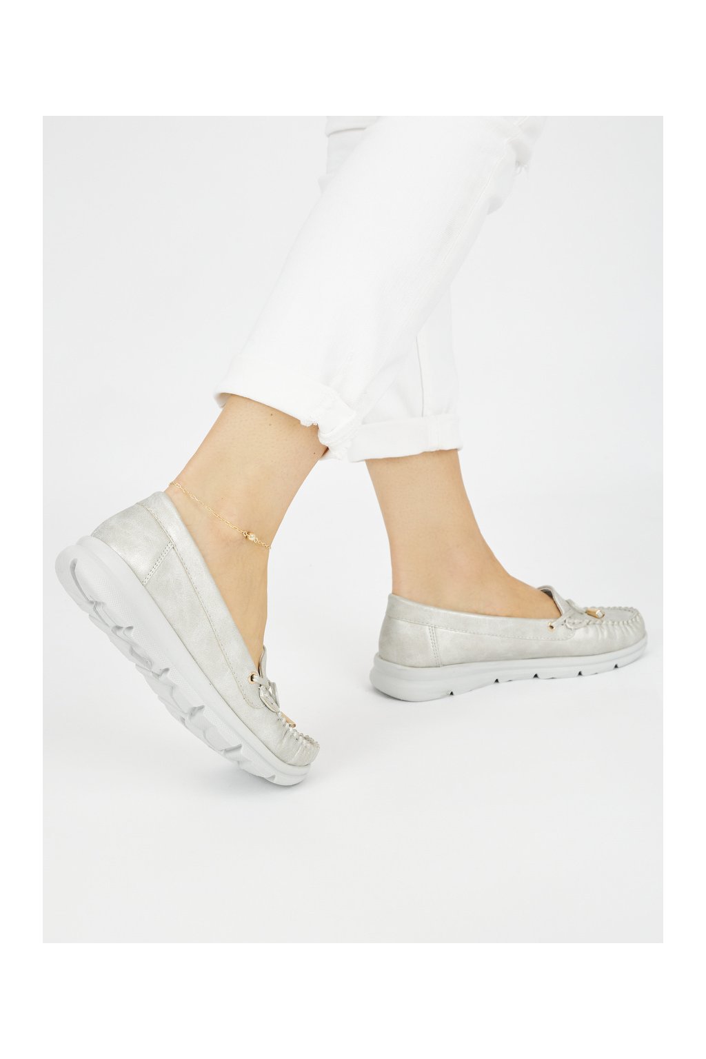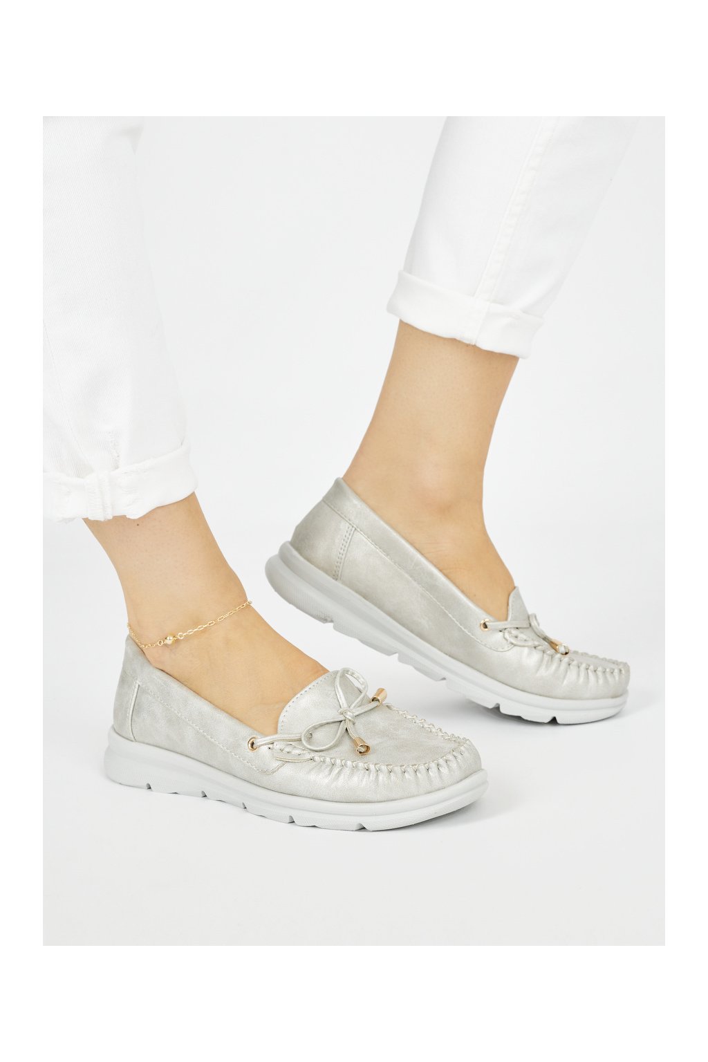 Stříbrné pohodlné mokasíny z ekologické kůže
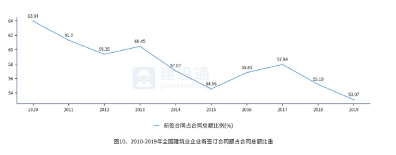 本年新签合同额占签订合同总额比例为53.07%,比上年下降了2.12个百分点,连续两年出现下降。
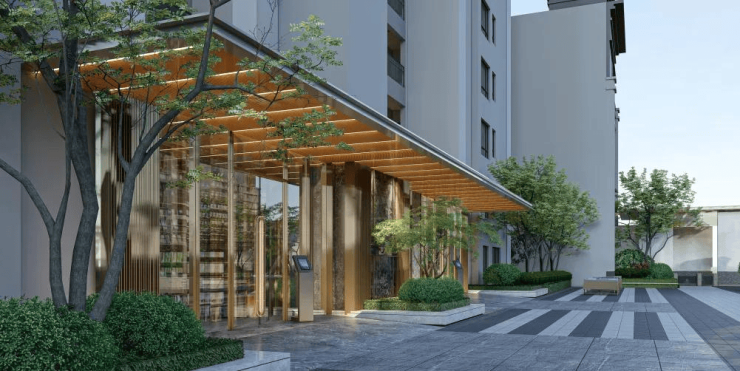汲取现代人居美学底蕴,项目打造新中式风格外立面,大面积LOW-E中空玻璃幕墙,横平竖直的建筑线条,搭配米白、灰色高级色调,让项目品质脱颖而出,勾勒时尚天际线。
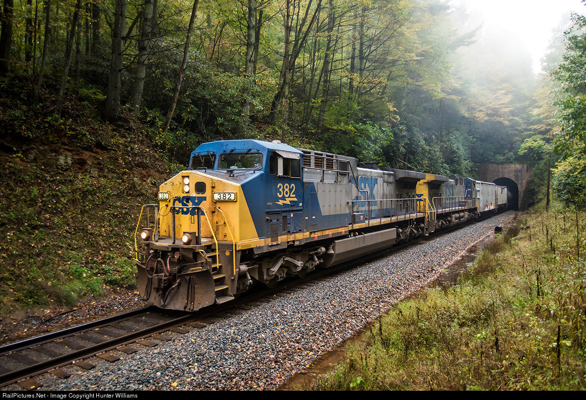 | A pair of AC4400CW locomotives lead a CSX train out of Ridge Tunnel as it heads north outside of Spruce Pine, NC on October 8, 2014. This is at the very top of the mountain on what used to be the Clinchfield Railroad mainline. |
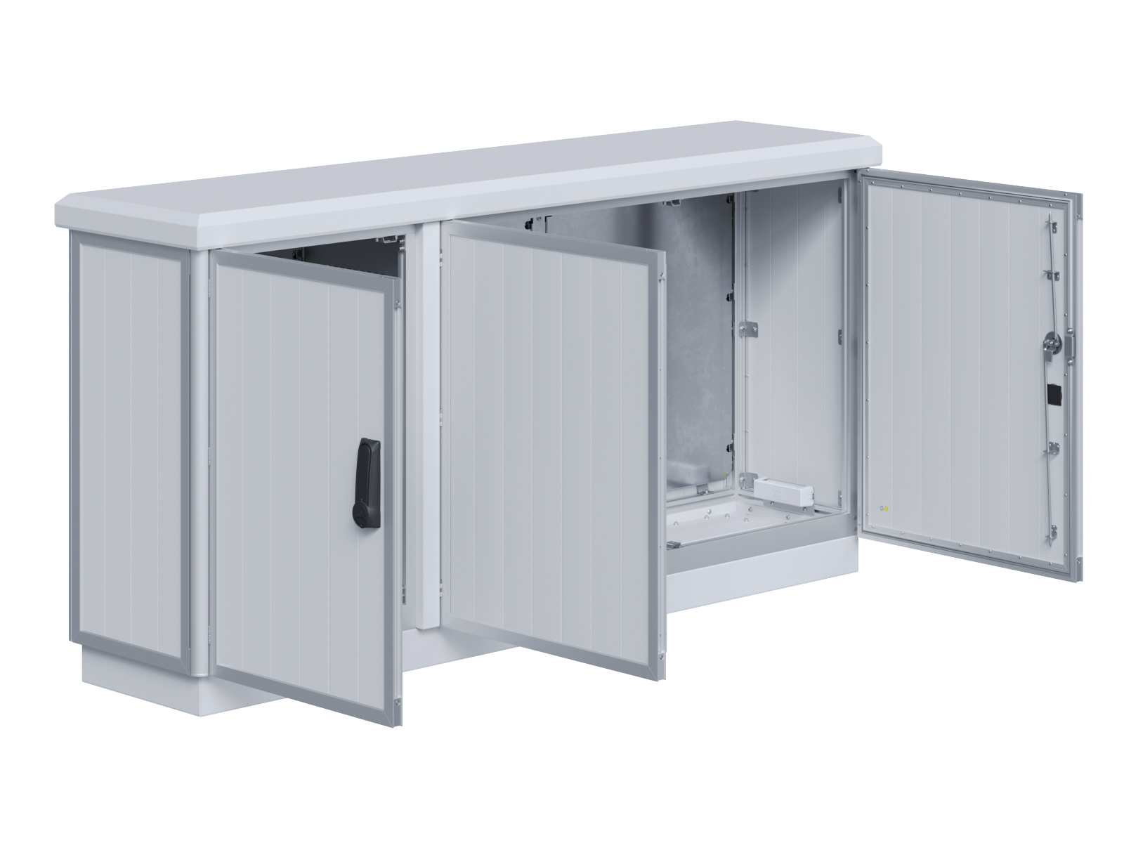 Outdoor-Schaltschrank aus doppelwandigen Aluminiumprofilen mit EVU-Teil
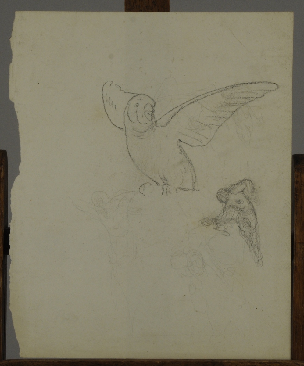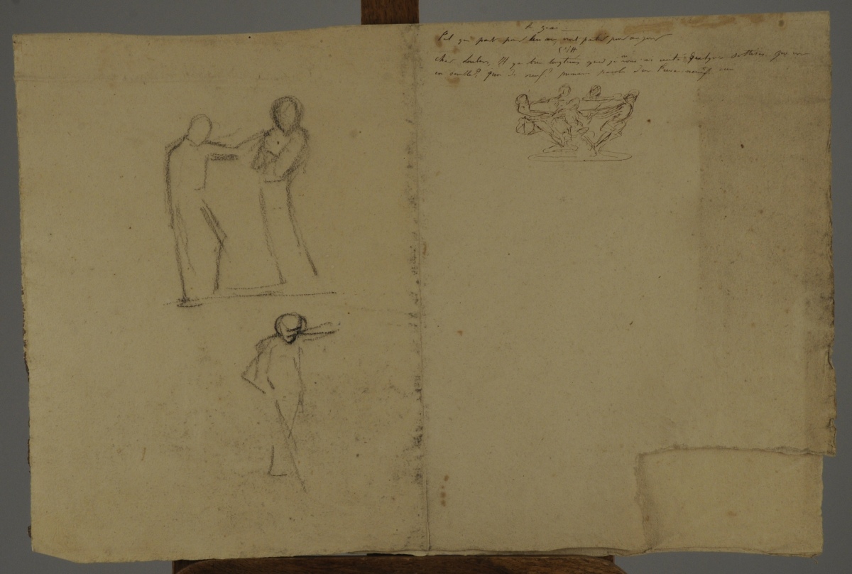 Études de jeune garçon et autres. 6 feuilles. 5 crayon noir et 1 sanguine sur papier, l'un annoté, titré et signé en haut à droite.
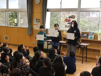 年が明け、子どもたちの笑顔が学校に戻って来ました。2026年最初の全校集会を行いました。校長からは、「丙午」にちなんで馬と人とのつながりや、前向きに努力することで新しい挑戦や前進に適した年であること、より力強くパワフルに活動できるとよいこと、大畑っ子も、ぜひ自分の意志で進んでいってほしい。皆さんにとって、よいことが起こる一年になるように応援している、という話がありました。続いて、科学研究作品展、図書館を使った調べる・伝える学習コンクール、インスタントラーメン小学生レシピコンクールで優秀な成績を残した大畑っ子の表彰を行いました。全校集会での落ち着いた大畑っ子の様子からも、成長を感じました。
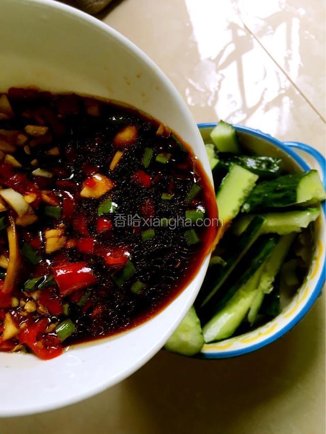 6.准备好一个干净的碗,放入蒜头葱花生抽醋香油和适量盐调味
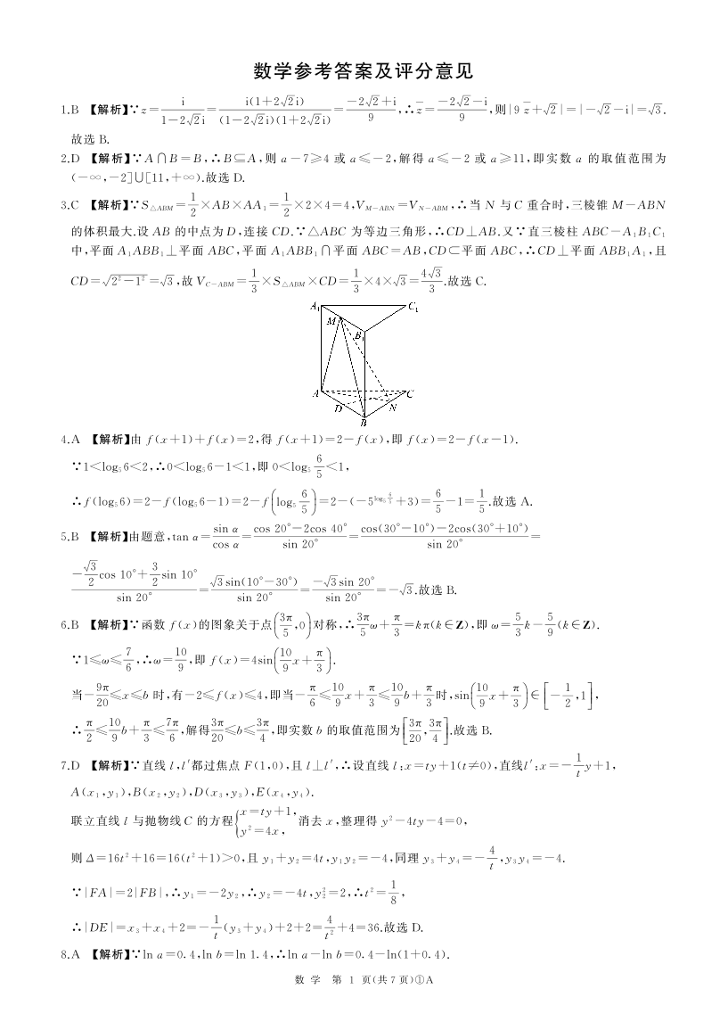 百师联盟2026届高三二轮复习联考(一)数学答案.pdf
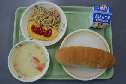 ロールパン オムレツ スパゲッティ入り野菜ソテー コーンスープ 牛乳 でした。
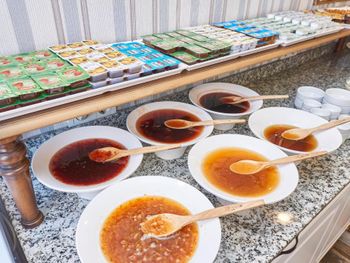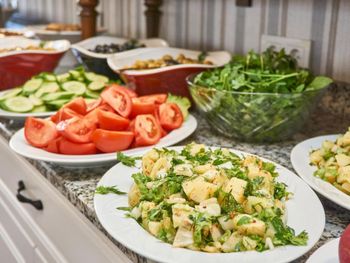 Обычный завтрак, несколько видов сыров, мясных нарезок нет, сладостей - нет. очень скромно
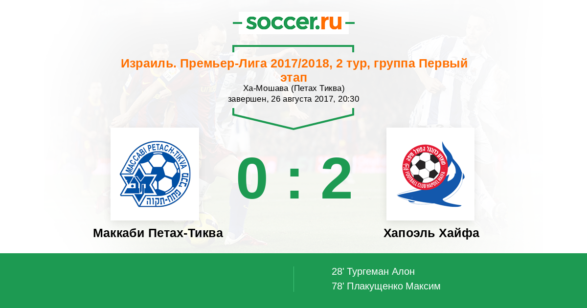 Маккаби Петах-Тиква - Хапоэль Хайфа: обзор матча 26 августа 2017
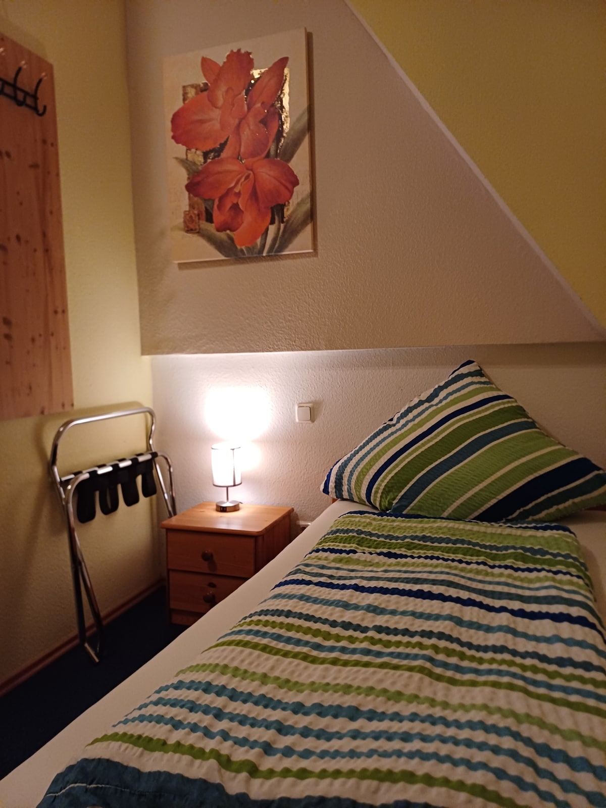 Ducha / WC, secador de pelo, W-Lan, TV de pantalla plana, escritorio, caja fuerte. Esta habitación individual, renovada en 2019, tiene TV vía satélite y minibar. No hay ascensor disponible. Se encuentra ubicado en la Pensión Löhr en Adlerstrasse 2. Tamaño aprox. 12 metros cuadrados. Ocupación 1 persona. El huésped paga un impuesto adicional para visitantes de 3,80 EUR por persona por noche a su llegada
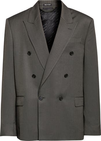 Defined by coordinated contradictions, this double-breasted blazer boasts a suiting fabrication and classic herringbone patterning, all of which are countered by generously cut tailoring for a fluid drape and decidedly relaxed fit.
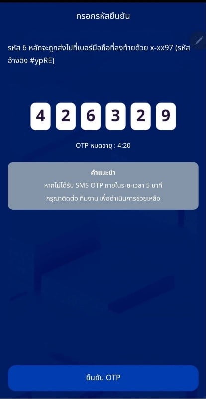 3. รหัส OPT จะส่งไปเบอร์ที่ลงทะเบียน / กรอกรหัส OTP และ กด ยืนยัน OTP
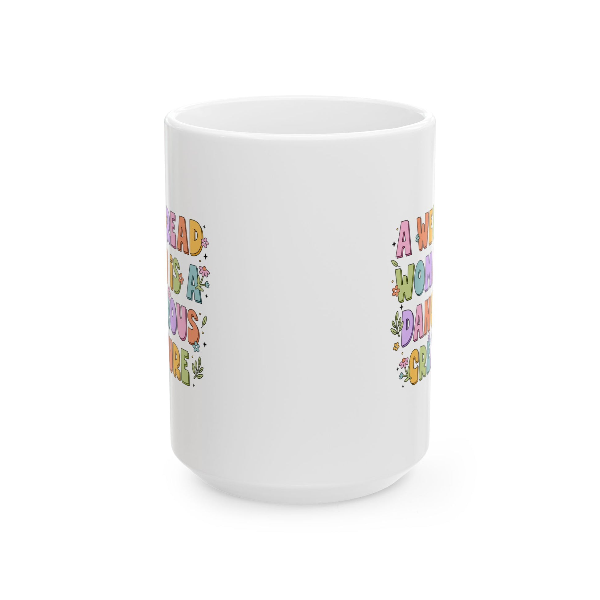 This "A Well Read Woman is a Dangerous Creature" mug is perfect for book lovers who embrace the power of knowledge. A thoughtful and empowering gift for readers who know that books are their strongest weapon.

++++++++++++++++++++

Work to complete: Treat the line with "年が明け、子どもたちの笑顔が" as the start and the line with "ロールパン オムレツ スパゲッティ入り野菜ソテー コーンスープ 牛乳 でした。" as the end, and return exactly that span of the data above, both ends included, without pictures.

Output for this exercise:
 年が明け、子どもたちの笑顔が学校に戻って来ました。2026年最初の全校集会を行いました。校長からは、「丙午」にちなんで馬と人とのつながりや、前向きに努力することで新しい挑戦や前進に適した年であること、より力強くパワフルに活動できるとよいこと、大畑っ子も、ぜひ自分の意志で進んでいってほしい。皆さんにとって、よいことが起こる一年になるように応援している、という話がありました。続いて、科学研究作品展、図書館を使った調べる・伝える学習コンクール、インスタントラーメン小学生レシピコンクールで優秀な成績を残した大畑っ子の表彰を行いました。全校集会での落ち着いた大畑っ子の様子からも、成長を感じました。
 6.准备好一个干净的碗,放入蒜头葱花生抽醋香油和适量盐调味
 百师联盟2026届高三二轮复习联考(一)数学答案.pdf
 ロールパン オムレツ スパゲッティ入り野菜ソテー コーンスープ 牛乳 でした。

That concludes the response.